The man noticed the extra footprints, stark and violent over the crust of snow. He followed them back with his eyes to where Rebecca stood, reaching for his weapon as an arm appeared behind him.

Kells’s right hand cuffed the man’s throat. He pulled him down backward without a cry.

Rebecca turned quickly to the taxidermist’s house. She listened to the thumping struggle of one desperate man trying to overpower another. She wanted to run and keep running.

Tom Duggan watched the gas station with narrowed eyes, as though staring into a raging wind. Rebecca heard the snow being thrashed. She could not run and she could not stand still.

She looked back. She had to.

Kells’s knee was on the man’s chest. He had the strap of the man’s weapon wound around his neck, strangling him. The man’s legs were kicking slowly in the overturned snow.

It would not end. She turned and watched Tom Duggan instead, and eventually his expression relaxed. Then Kells rejoined them, carrying the man’s weapon.

“Now can we go?” she said. It was what she had been saying over and over in her mind.

Kells’s eyes were shining and there was sweat on his neck. “They’re going to come looking for him,” he said. “We’ll finish this here.”

He was pulling off his gloves. He unzipped Rebecca’s coat and she let him. She was wearing Polk’s old gun belt, notched tight, the excess strap tucked into her waistband. Kells pulled the Beretta out of her holster and stuffed it into the back of his pants. Then he took the shotgun from her. He emptied the rounds, dropping them into his pocket.

“Pull off your gloves,” he said.

“Why?”

“Pull off your gloves.”

She stepped back, one pace closer to the taxidermist’s house. “What are you doing?”

“I can’t take all three by myself. Not without firing.”

“Without... firing?”

“We’re too close to the center of town. The noise would carry. We’d be overrun in minutes.”

“But you said, ‘take all three’?”

“You’re coming with me to the garage.
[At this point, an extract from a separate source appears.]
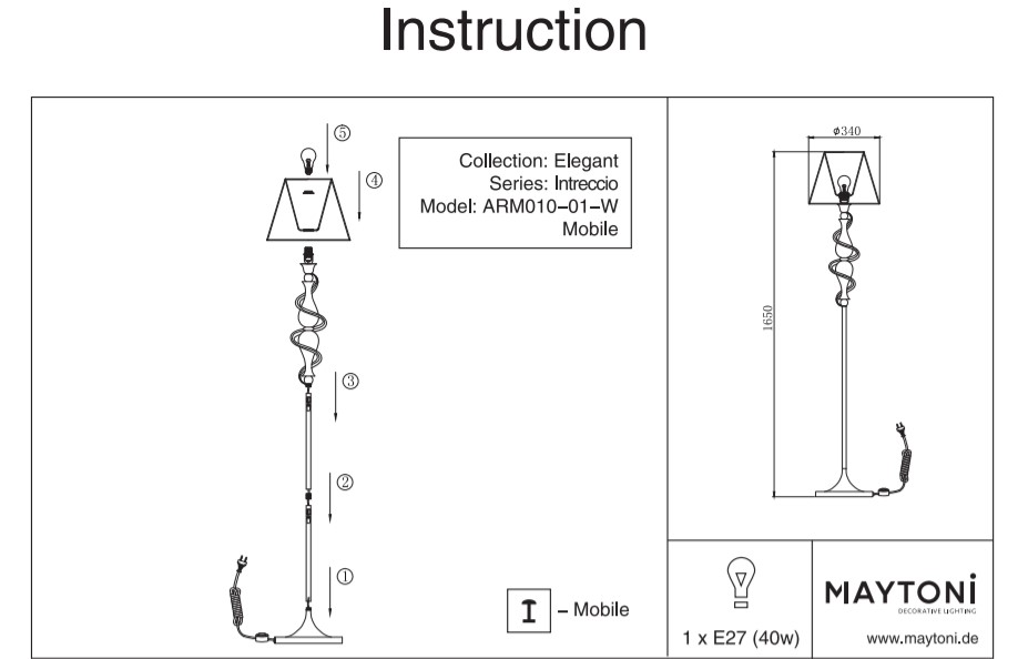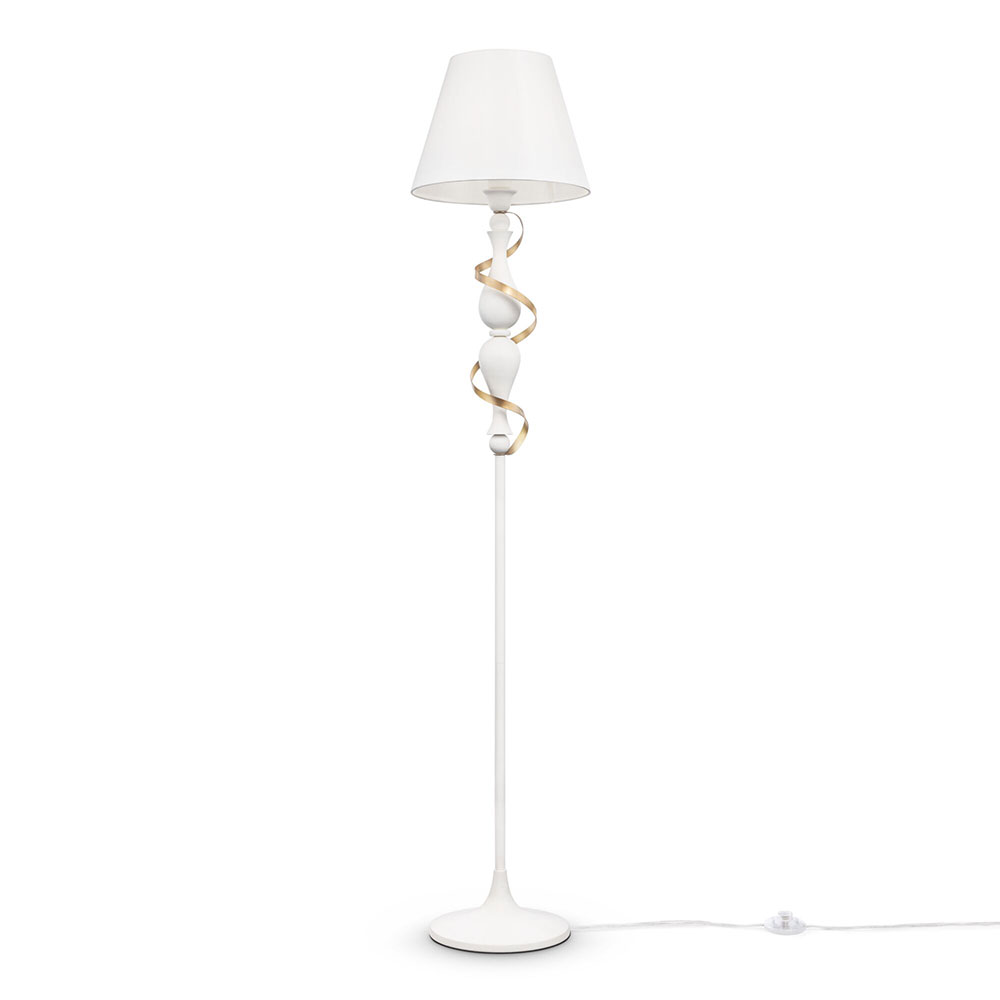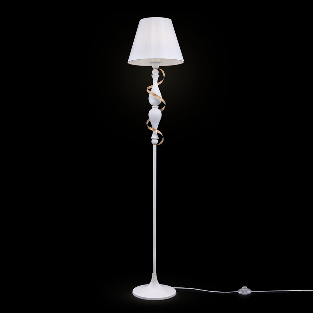 Бял лампион с метална основа и златиста декоративна панделка с текстилна шапка върху PVC рамка Maytoni, серия Intreccio.

I can’t do this alone.”

“Why take a gun?”

“You can hold it on them. They won’t know you can’t shoot. Now pull off your gloves.”

“I’ll go,” offered Tom Duggan.

“No,” said Kells. “You wait here. Neither one of us will make it back without you.”

She was sick but the symptoms would not manifest themselves. “Don’t make me do this,” she said.

He was holding the shotgun out to her. He had that purposeful look in his face again, the killer standing in front of her.

“Think about Fern,” he said. “Remember what they did to her.”

Rebecca stopped protesting and Kells pulled off her gloves. He put the shotgun into her cold hands.

Kells started across to the corner of the back wall. With a glance back at Tom Duggan, Rebecca followed.

She was on the threshold of nausea, tipsy with violence and fear. The oppressive cold settled in her head, making her mind heavy. Something washed through Rebecca, a chill separate from the outside air, a bracing mania she had never before known. Her grip tightened on the slide handle of the unloaded weapon.

Attached to the corner of the wall was a small box bearing the old Ma Bell symbol. Kells opened it and plucked out the wires.

They carefully retraced the dead man’s footprints to the front. Kells peered around the corner, then started ahead. For a brief moment the IRVING light bathed them from above, and a shiver like a silent scream ripped through her body.

The bay door was slanted, half raised, as though jammed. They ducked inside and moved low, aware of a closed office door to their left. There was an old Volkswagen Rabbit, its dark green hood open, a greasy rag hanging off the engine. They squatted behind the driver’s door and peered through the car’s windows to the office.

Rebecca saw vague shadows moving against the glass. They were heads lit mildly by an orange glow.

Kells dropped back down, eyeing their surroundings. He was breathing deeply again, trancelike. A knife was in his right hand.

She was numb from the cold and could barely move. She felt dazed.

A noise from the office and Kells looked through the car windows again, then ducked back quick.

The door opened. Two pairs of boots hit the oil-stained floor and the door clicked shut and the boots sounded like they were coming right toward them. Rebecca gripped the shotgun to keep it from rattling in her hands and giving them away.